In the end he sorted through a drawer and came up with a set of keys to the Fischer apartment. "Anybody asks," he said, "you went and grabbed these out of the desk on your own. You didn't get them from me."
"We never met," I agreed.
We took the elevator to the fourteenth floor, found Fischer's apartment. There was a bell to ring and I rang it, and knocked on the door as well. No response. I tried the key in the lock, opened the door, and walked in, with T J right behind me. I called out, "Harold? Harold Fischer?" and walked through the large high-ceilinged room with its windows overlooking the park. There was a couch and a couple of chairs, and a desk with a computer on it. T J went straight to it, while I checked out the rest of the apartment. In the bedroom, the bed was made, the drapes drawn. In the bathroom, one towel was still damp.
T J called to me, and I went back to the living room and found him hunched over the computer, his eyes on the screen. "Something here you better look at," he said.
Ira Wentworth read the two-page printout a couple of times through, pausing now and then to shake his head. He looked up when he was done and said, "Tell me again where you got this."
"Off the Internet."
"You know what this is, don't you? This is a murder happened just hours ago. Did it even make the news yet?"
"First we heard of it," T J said, "was readin' this-here on the Web.
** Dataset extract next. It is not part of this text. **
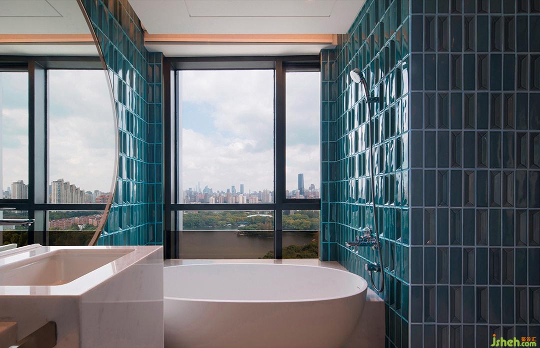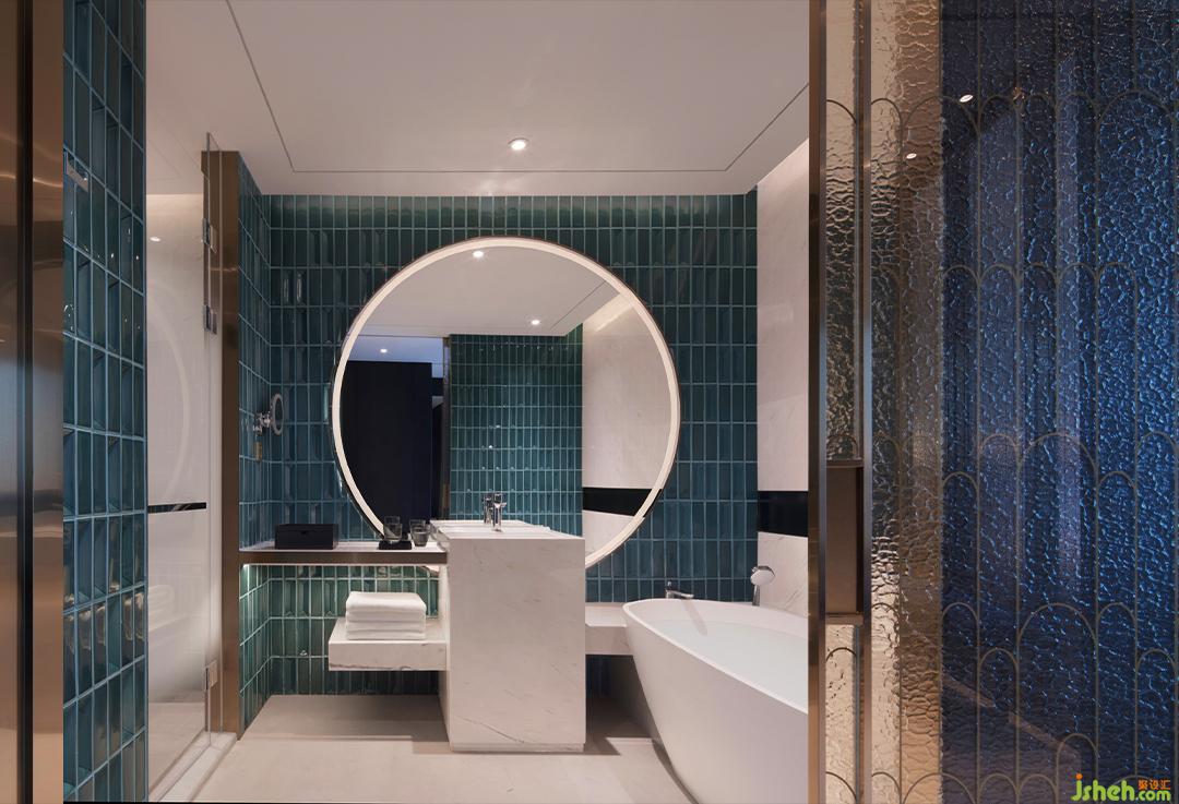 獨(dú)具匠心的衛(wèi)浴區(qū),菱格陶磚墻次第鋪展,新月鏡懸浮正中,上海酒店設(shè)計(jì)搭配由古典家具演變的條案臺(tái),似湖漾山水翠,星月滿銀暉;又似春深庭院里,隔窗弄青梅,暗藏?zé)o限生動(dòng)氣韻。

Went to this site I been watchin', has a lot of shit about the Hollander murders. People speculatin', offerin' their own theories 'bout the case."
"Buffs," Wentworth said, the way a man might look around a kitchen and say cockroaches. He looked at the papers he was holding, shook his head again, and said, "This is the man who killed that girl. Amsterdam and Eighty-eighth, earlier today, did it just the way he says he did it. Different precinct, but everybody's talking about it, because you don't get just one of these. Maniac's out there, he's gonna do it again."
"This one's done it before."
"Yeah, that's clear, isn't it? But there's nothing here about the Hollanders, nothing about Parkman. Nothing saying who he is, either, far as that goes."
"He implies he's a mental-health professional."
"He's a mental-health case, is what he fucking is. You say his name's Breit?"